▶ **What is required**
After removing every image, reproduce the data exactly as it appears.

(Beginning of Dataset content)

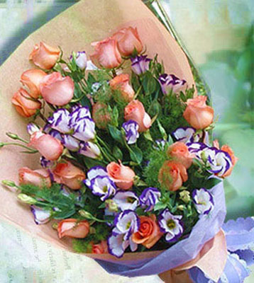 22朵香槟玫瑰搭配紫白双色...
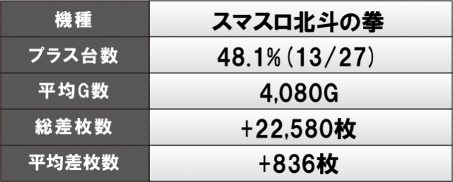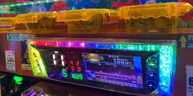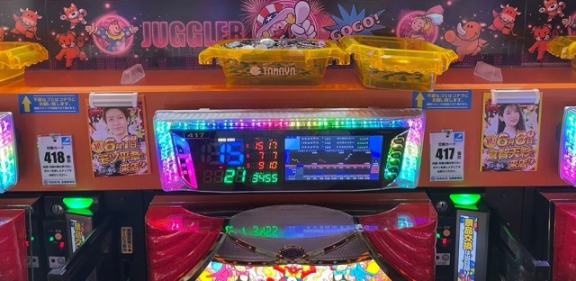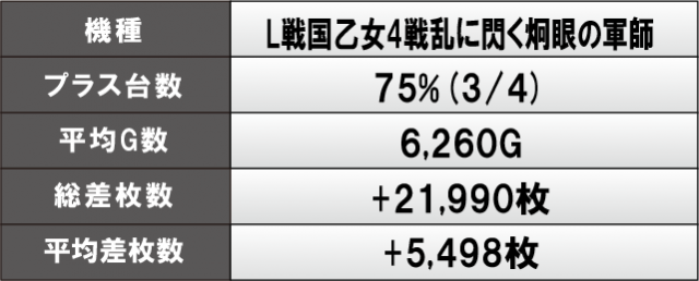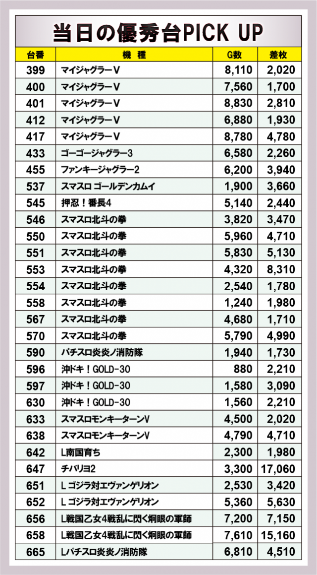 『スマスロ北斗の拳』『L戦国乙女4戦乱に閃く炯眼の軍師』『Lゴジラ対エヴァンゲリオン』の3機種では叩きがいのある状況が整っており、閉店までじっくりと打ち込まれた形跡が見られる。中でも『L戦国乙女4戦乱に閃く炯眼の軍師』は総差枚数5桁を記録するだけでなく、平均差枚数も5千枚OVERを達成。明らかな好感触に遊技するファンは自然と手応えを感じていたはずだ。
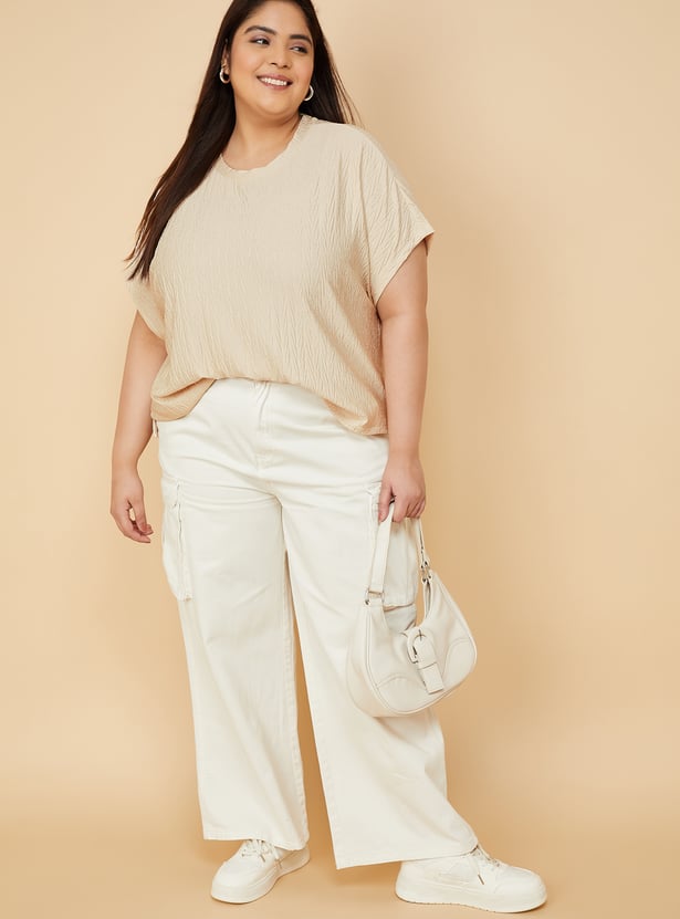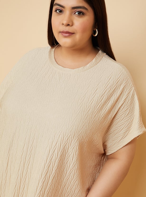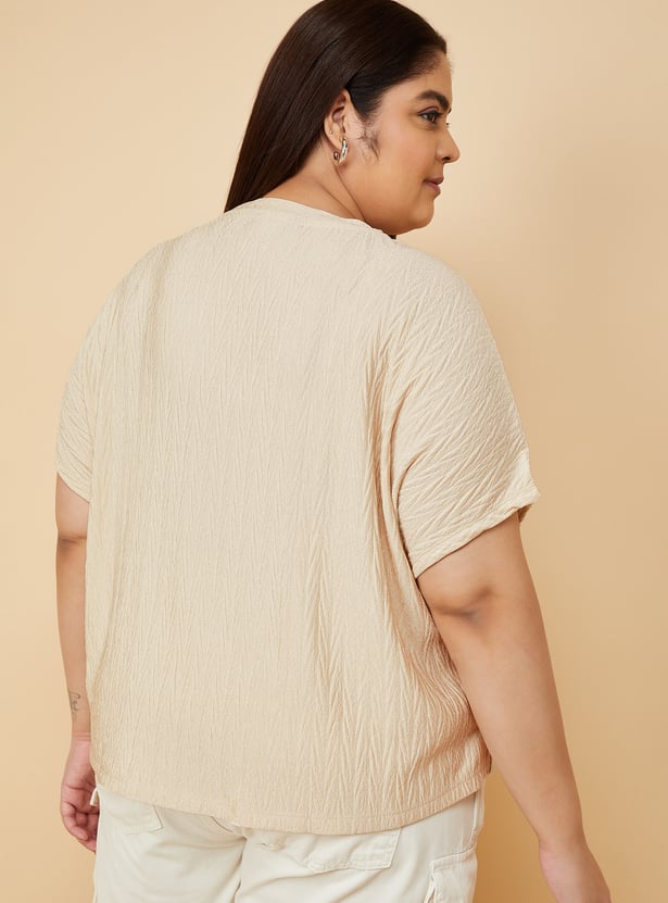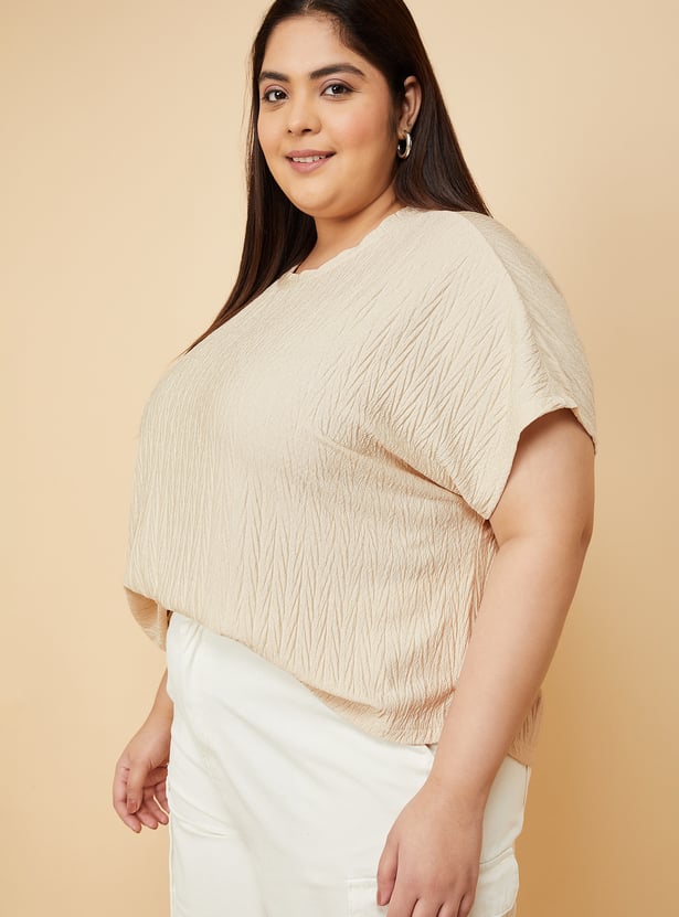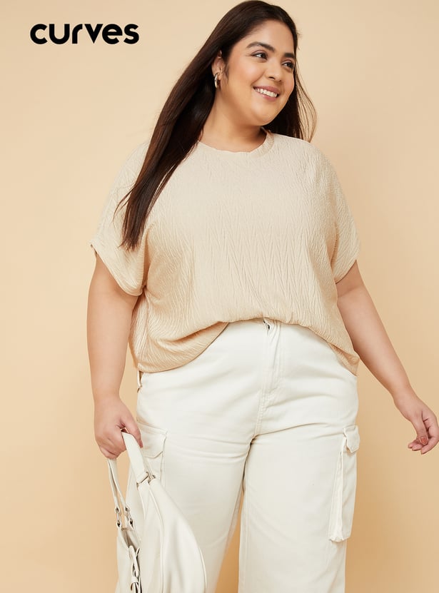 This textured top adds a refined touch to your everyday style. Featuring a classic round neck and extended sleeves, it offers a feminine silhouette with subtle detailing—perfect for casual outings or dressy occasions. Model Size :
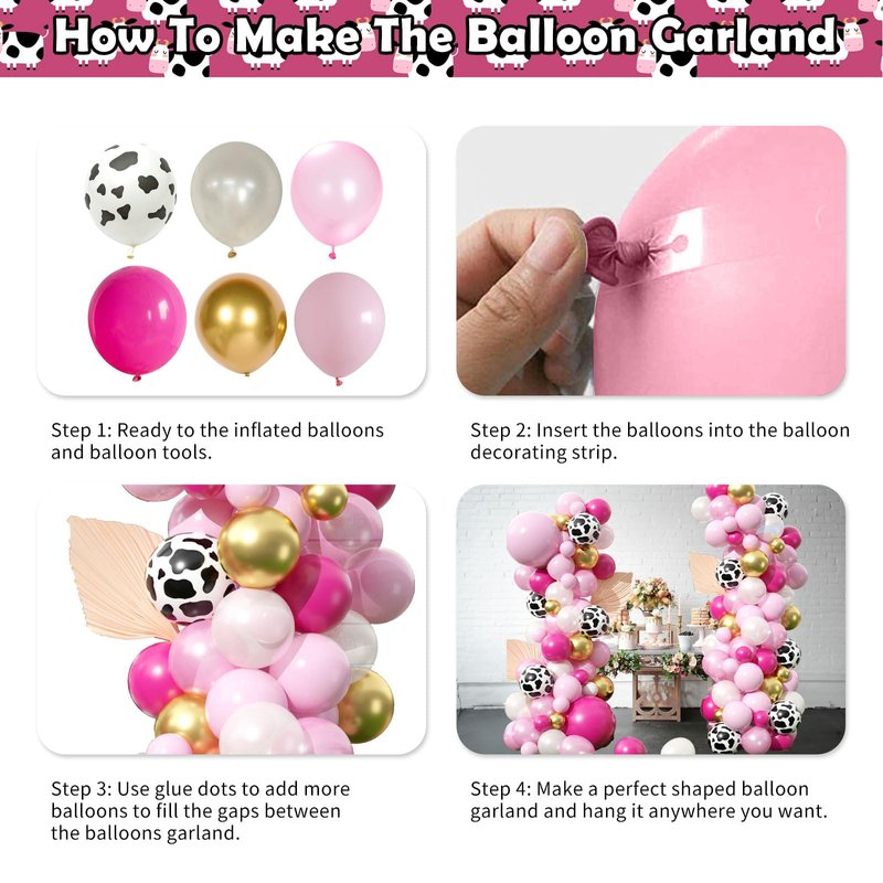 - π Easy to Assemble - We provid some tools to help you make the pink gold and white cow print balloon garland more easily. simply inflate your balloons with helium or air and secure to the balloon strip. Then use the glue dots can fix the additional balloons where you want for perfect look. You can use your creative ideas to activate your party. It is recommended to inflate them by an electric air pump.

(End of Dataset content)

▶ **Answer box**
 22朵香槟玫瑰搭配紫白双色...
 『スマスロ北斗の拳』『L戦国乙女4戦乱に閃く炯眼の軍師』『Lゴジラ対エヴァンゲリオン』の3機種では叩きがいのある状況が整っており、閉店までじっくりと打ち込まれた形跡が見られる。中でも『L戦国乙女4戦乱に閃く炯眼の軍師』は総差枚数5桁を記録するだけでなく、平均差枚数も5千枚OVERを達成。明らかな好感触に遊技するファンは自然と手応えを感じていたはずだ。
 This textured top adds a refined touch to your everyday style. Featuring a classic round neck and extended sleeves, it offers a feminine silhouette with subtle detailing—perfect for casual outings or dressy occasions. Model Size :
 - π Easy to Assemble - We provid some tools to help you make the pink gold and white cow print balloon garland more easily. simply inflate your balloons with helium or air and secure to the balloon strip. Then use the glue dots can fix the additional balloons where you want for perfect look. You can use your creative ideas to activate your party. It is recommended to inflate them by an electric air pump.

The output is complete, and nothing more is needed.